Supplied data Start Marker

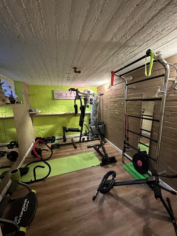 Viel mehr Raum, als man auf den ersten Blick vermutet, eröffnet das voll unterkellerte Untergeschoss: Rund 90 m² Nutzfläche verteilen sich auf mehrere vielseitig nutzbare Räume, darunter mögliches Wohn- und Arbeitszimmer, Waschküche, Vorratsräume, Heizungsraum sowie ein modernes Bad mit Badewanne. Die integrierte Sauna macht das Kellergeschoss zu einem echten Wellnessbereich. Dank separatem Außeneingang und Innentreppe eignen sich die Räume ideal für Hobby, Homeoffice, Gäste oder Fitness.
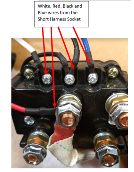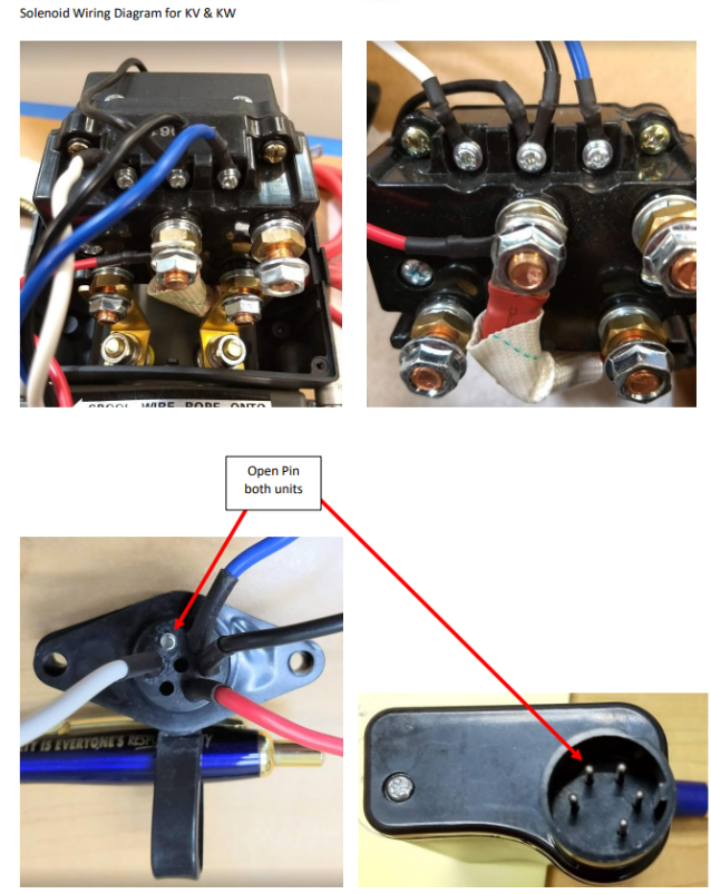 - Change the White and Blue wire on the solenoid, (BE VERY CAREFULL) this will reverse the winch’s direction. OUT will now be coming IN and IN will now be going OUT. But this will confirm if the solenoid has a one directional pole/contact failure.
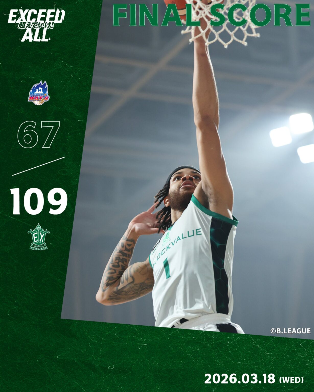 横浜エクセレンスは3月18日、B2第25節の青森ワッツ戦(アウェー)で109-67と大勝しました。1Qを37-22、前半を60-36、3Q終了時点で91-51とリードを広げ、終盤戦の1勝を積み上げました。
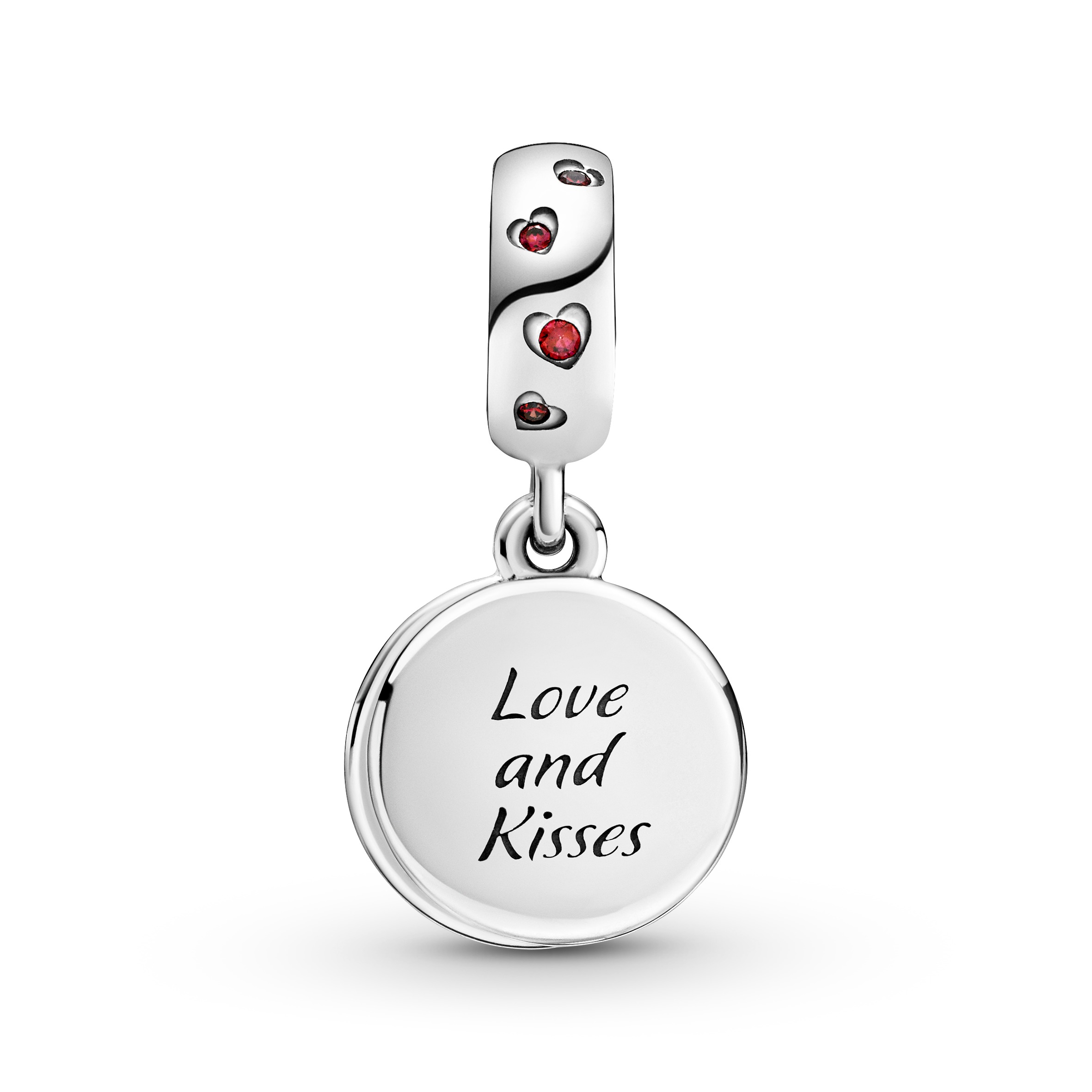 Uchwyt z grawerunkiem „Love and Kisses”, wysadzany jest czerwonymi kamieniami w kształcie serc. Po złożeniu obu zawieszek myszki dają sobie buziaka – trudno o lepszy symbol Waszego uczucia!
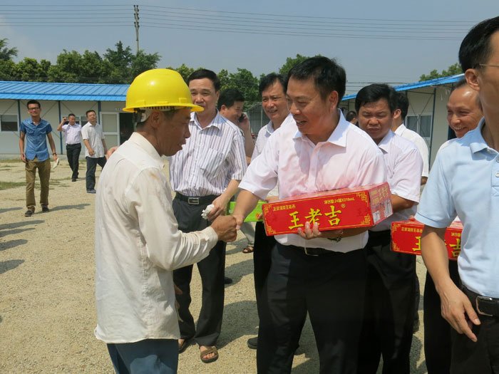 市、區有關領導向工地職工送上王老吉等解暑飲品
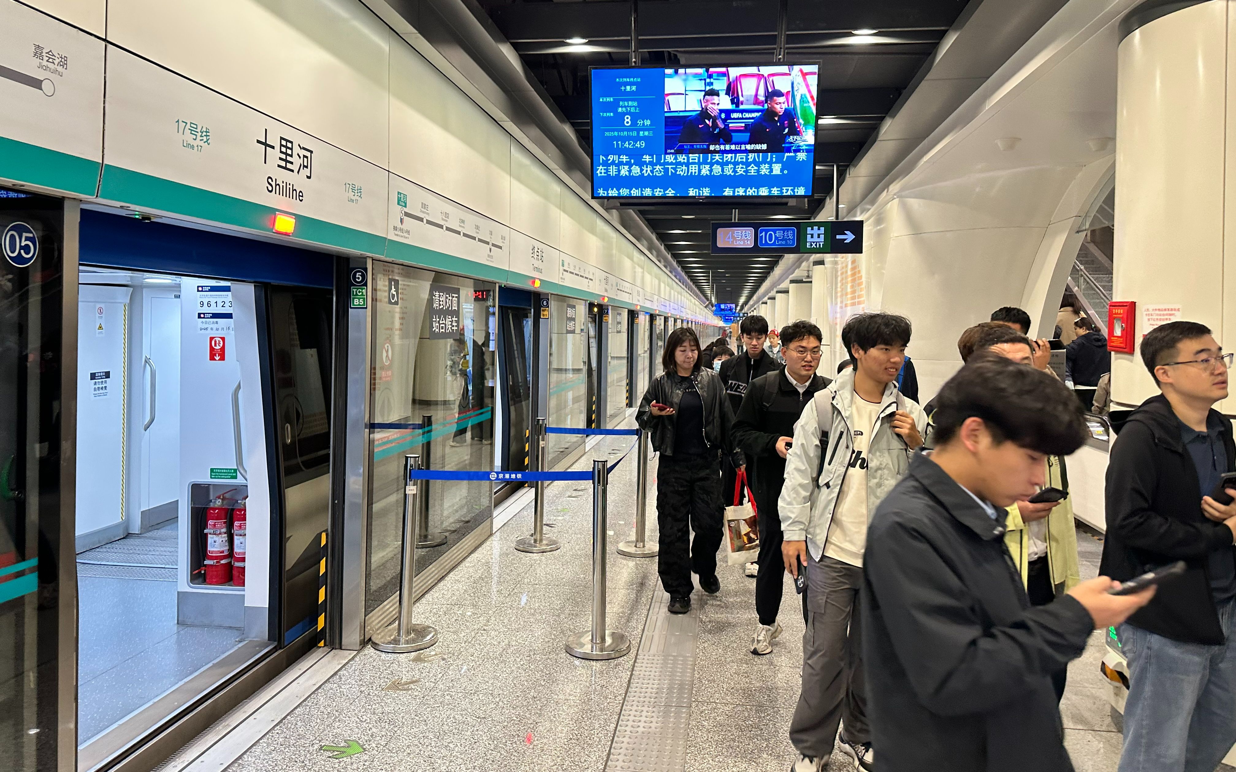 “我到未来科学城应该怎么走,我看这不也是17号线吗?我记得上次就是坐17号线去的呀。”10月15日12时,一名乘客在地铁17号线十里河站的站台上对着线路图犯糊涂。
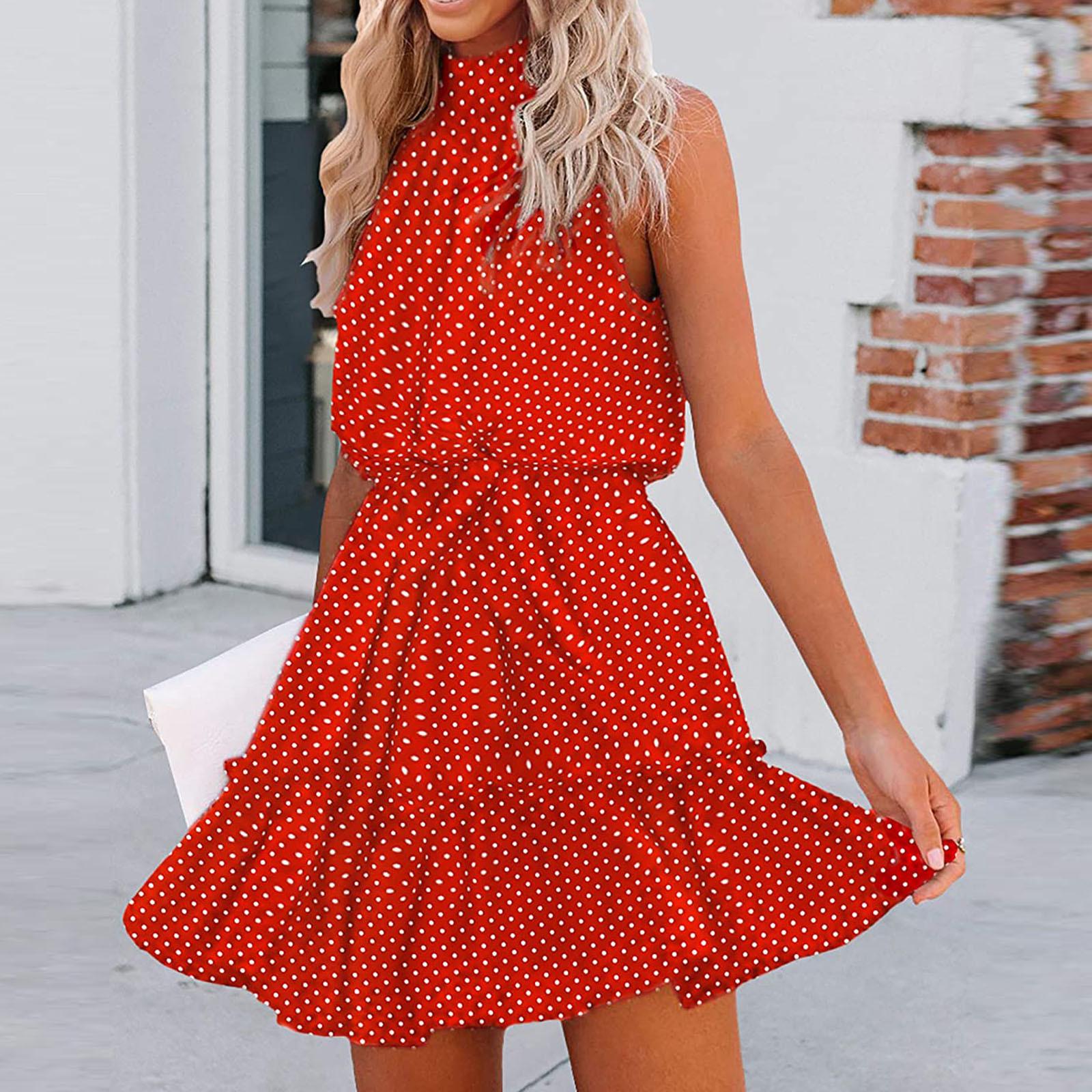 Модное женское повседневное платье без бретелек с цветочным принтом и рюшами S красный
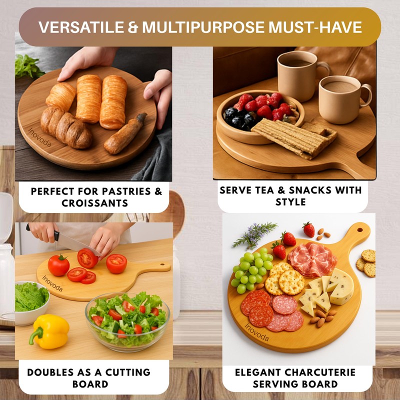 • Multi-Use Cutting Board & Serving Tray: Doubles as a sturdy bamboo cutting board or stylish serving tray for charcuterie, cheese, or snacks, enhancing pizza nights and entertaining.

Supplied data End Marker

- [What to produce] From the first line to the last, restate the entries exactly, without pictures.

- [Response to the task]
 Viel mehr Raum, als man auf den ersten Blick vermutet, eröffnet das voll unterkellerte Untergeschoss: Rund 90 m² Nutzfläche verteilen sich auf mehrere vielseitig nutzbare Räume, darunter mögliches Wohn- und Arbeitszimmer, Waschküche, Vorratsräume, Heizungsraum sowie ein modernes Bad mit Badewanne. Die integrierte Sauna macht das Kellergeschoss zu einem echten Wellnessbereich. Dank separatem Außeneingang und Innentreppe eignen sich die Räume ideal für Hobby, Homeoffice, Gäste oder Fitness.
 - Change the White and Blue wire on the solenoid, (BE VERY CAREFULL) this will reverse the winch’s direction. OUT will now be coming IN and IN will now be going OUT. But this will confirm if the solenoid has a one directional pole/contact failure.
 横浜エクセレンスは3月18日、B2第25節の青森ワッツ戦(アウェー)で109-67と大勝しました。1Qを37-22、前半を60-36、3Q終了時点で91-51とリードを広げ、終盤戦の1勝を積み上げました。
 Uchwyt z grawerunkiem „Love and Kisses”, wysadzany jest czerwonymi kamieniami w kształcie serc. Po złożeniu obu zawieszek myszki dają sobie buziaka – trudno o lepszy symbol Waszego uczucia!
 市、區有關領導向工地職工送上王老吉等解暑飲品
 “我到未来科学城应该怎么走,我看这不也是17号线吗?我记得上次就是坐17号线去的呀。”10月15日12时,一名乘客在地铁17号线十里河站的站台上对着线路图犯糊涂。
 Модное женское повседневное платье без бретелек с цветочным принтом и рюшами S красный
 • Multi-Use Cutting Board & Serving Tray: Doubles as a sturdy bamboo cutting board or stylish serving tray for charcuterie, cheese, or snacks, enhancing pizza nights and entertaining.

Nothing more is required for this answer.